TASK PROMPT:
Copy the following data exactly and drop the pictures.

INFORMATION PROVIDED:
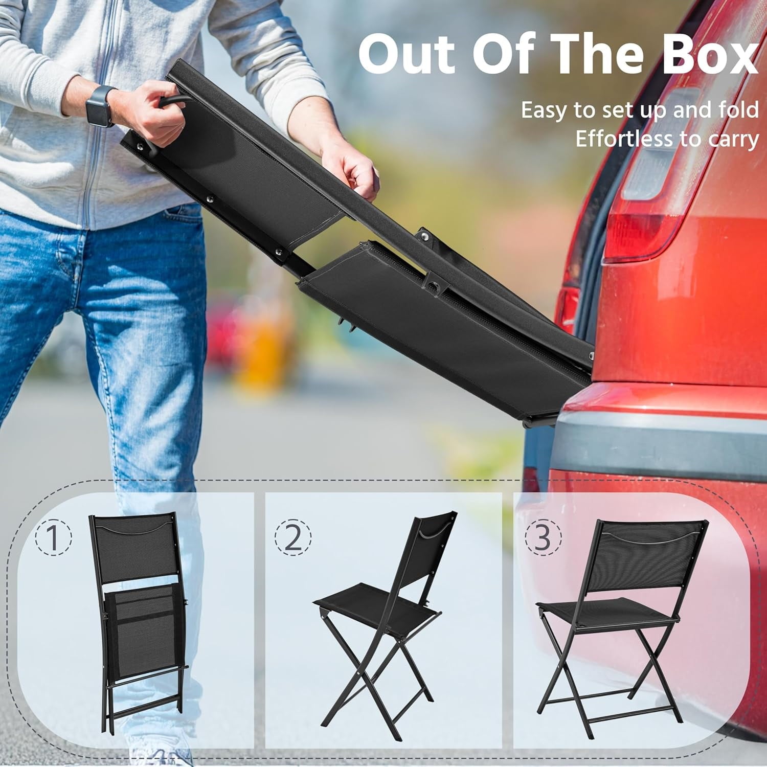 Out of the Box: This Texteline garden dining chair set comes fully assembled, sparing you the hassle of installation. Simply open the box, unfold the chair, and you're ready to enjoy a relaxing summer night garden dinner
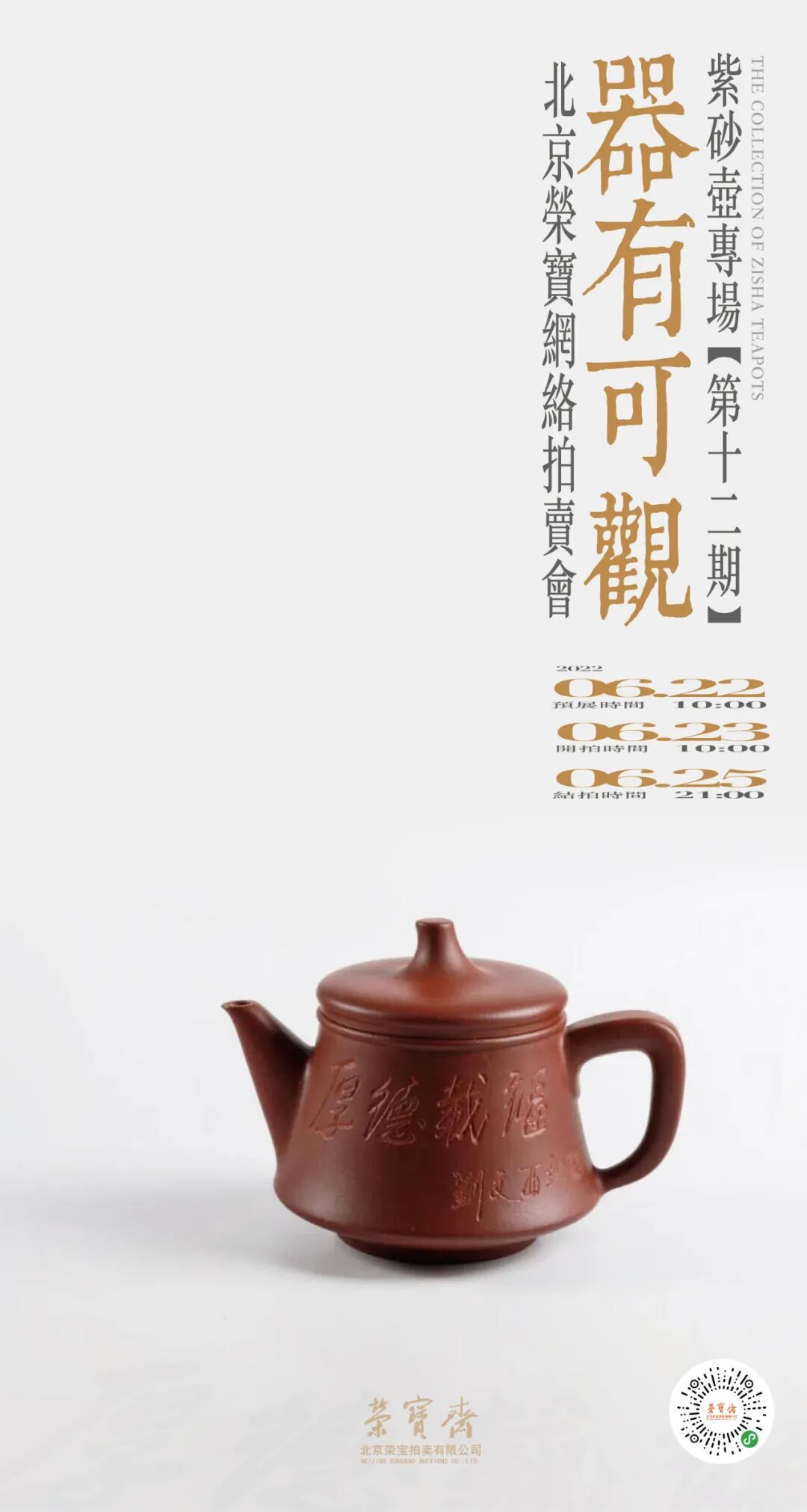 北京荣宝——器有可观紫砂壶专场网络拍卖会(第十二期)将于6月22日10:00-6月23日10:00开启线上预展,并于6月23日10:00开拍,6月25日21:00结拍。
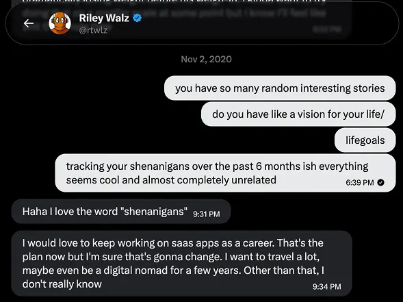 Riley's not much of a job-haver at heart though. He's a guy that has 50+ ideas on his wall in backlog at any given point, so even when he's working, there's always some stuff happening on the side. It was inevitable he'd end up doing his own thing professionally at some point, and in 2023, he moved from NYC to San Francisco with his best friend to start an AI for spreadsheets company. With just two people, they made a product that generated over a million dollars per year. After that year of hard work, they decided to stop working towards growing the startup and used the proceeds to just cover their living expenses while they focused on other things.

TASK OUTPUT:
 Out of the Box: This Texteline garden dining chair set comes fully assembled, sparing you the hassle of installation. Simply open the box, unfold the chair, and you're ready to enjoy a relaxing summer night garden dinner
 北京荣宝——器有可观紫砂壶专场网络拍卖会(第十二期)将于6月22日10:00-6月23日10:00开启线上预展,并于6月23日10:00开拍,6月25日21:00结拍。
 Riley's not much of a job-haver at heart though. He's a guy that has 50+ ideas on his wall in backlog at any given point, so even when he's working, there's always some stuff happening on the side. It was inevitable he'd end up doing his own thing professionally at some point, and in 2023, he moved from NYC to San Francisco with his best friend to start an AI for spreadsheets company. With just two people, they made a product that generated over a million dollars per year. After that year of hard work, they decided to stop working towards growing the startup and used the proceeds to just cover their living expenses while they focused on other things.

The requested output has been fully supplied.